**DIRECTIONS**. Exactly as written, print every line of the listing below and omit its pictures.

**DATASET EXTRACT**.
□ □ □

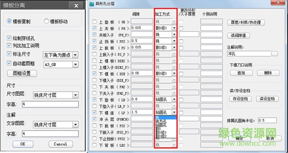 模具總裝圖繪制完成后,可自動(dòng)拆分出模板圖,繪制穿孔、列出加工說(shuō)明、標(biāo)注模板尺寸、以及自動(dòng)套圖框。
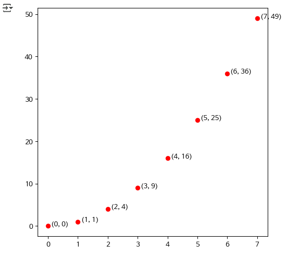 x = np.arange(8) y = x**2 fig, ax = plt.subplots() ax.plot(x, y, 'ro') for x_, y_ in zip(x, y): t = '(%d, %d)'%(int(x_), int(y_)) ax.text(x_+0.1, y_+0.1,t)
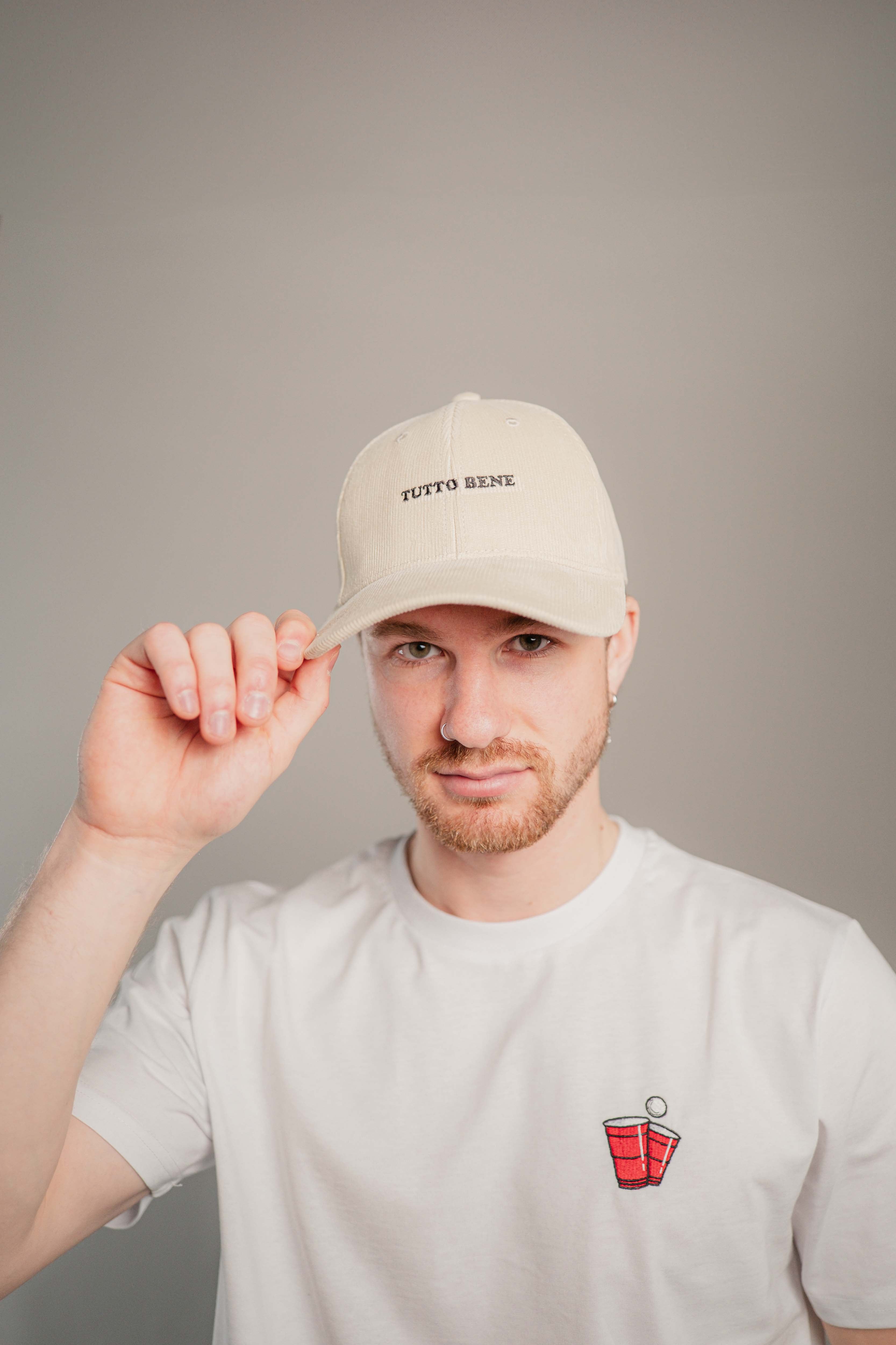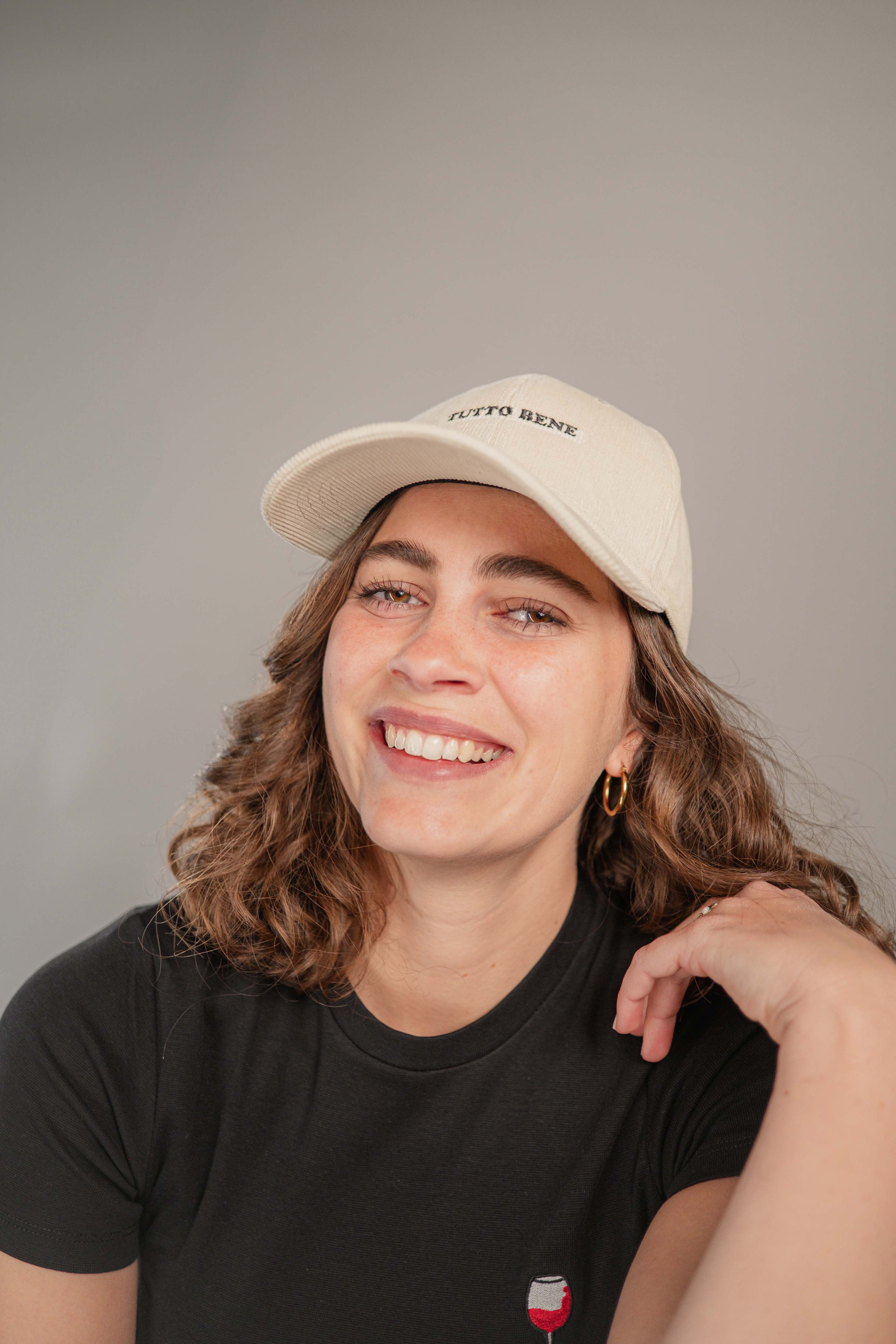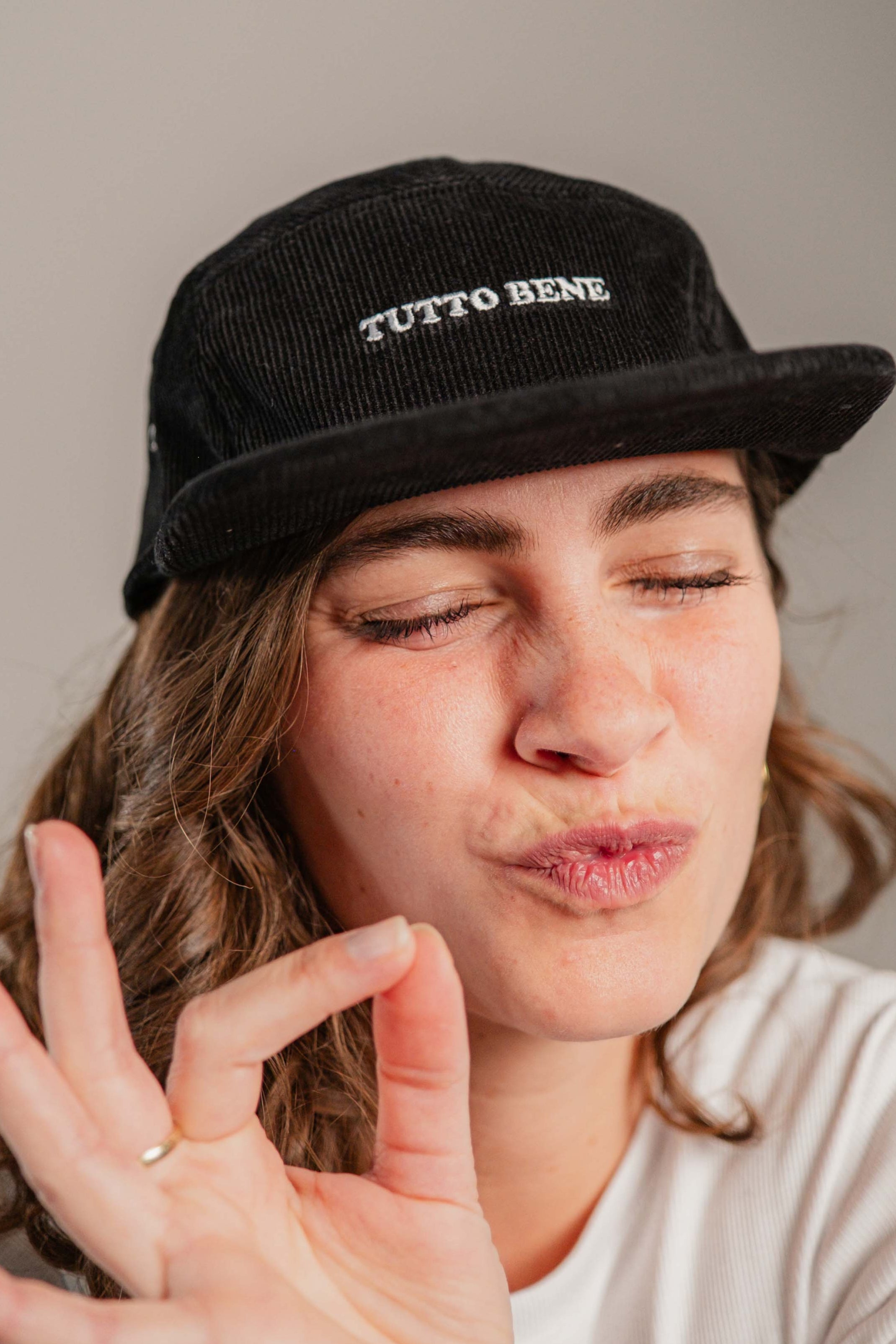 Super hochwertige Cord Cap aus 100% Bio Baumwolle mit gestickten "Tutto Bene" Schriftzug vorne und kleiner gestickter ok Hand seitlich

□ □ □

**OUTPUT BELOW**.
 模具總裝圖繪制完成后,可自動(dòng)拆分出模板圖,繪制穿孔、列出加工說(shuō)明、標(biāo)注模板尺寸、以及自動(dòng)套圖框。
 x = np.arange(8) y = x**2 fig, ax = plt.subplots() ax.plot(x, y, 'ro') for x_, y_ in zip(x, y): t = '(%d, %d)'%(int(x_), int(y_)) ax.text(x_+0.1, y_+0.1,t)
 Super hochwertige Cord Cap aus 100% Bio Baumwolle mit gestickten "Tutto Bene" Schriftzug vorne und kleiner gestickter ok Hand seitlich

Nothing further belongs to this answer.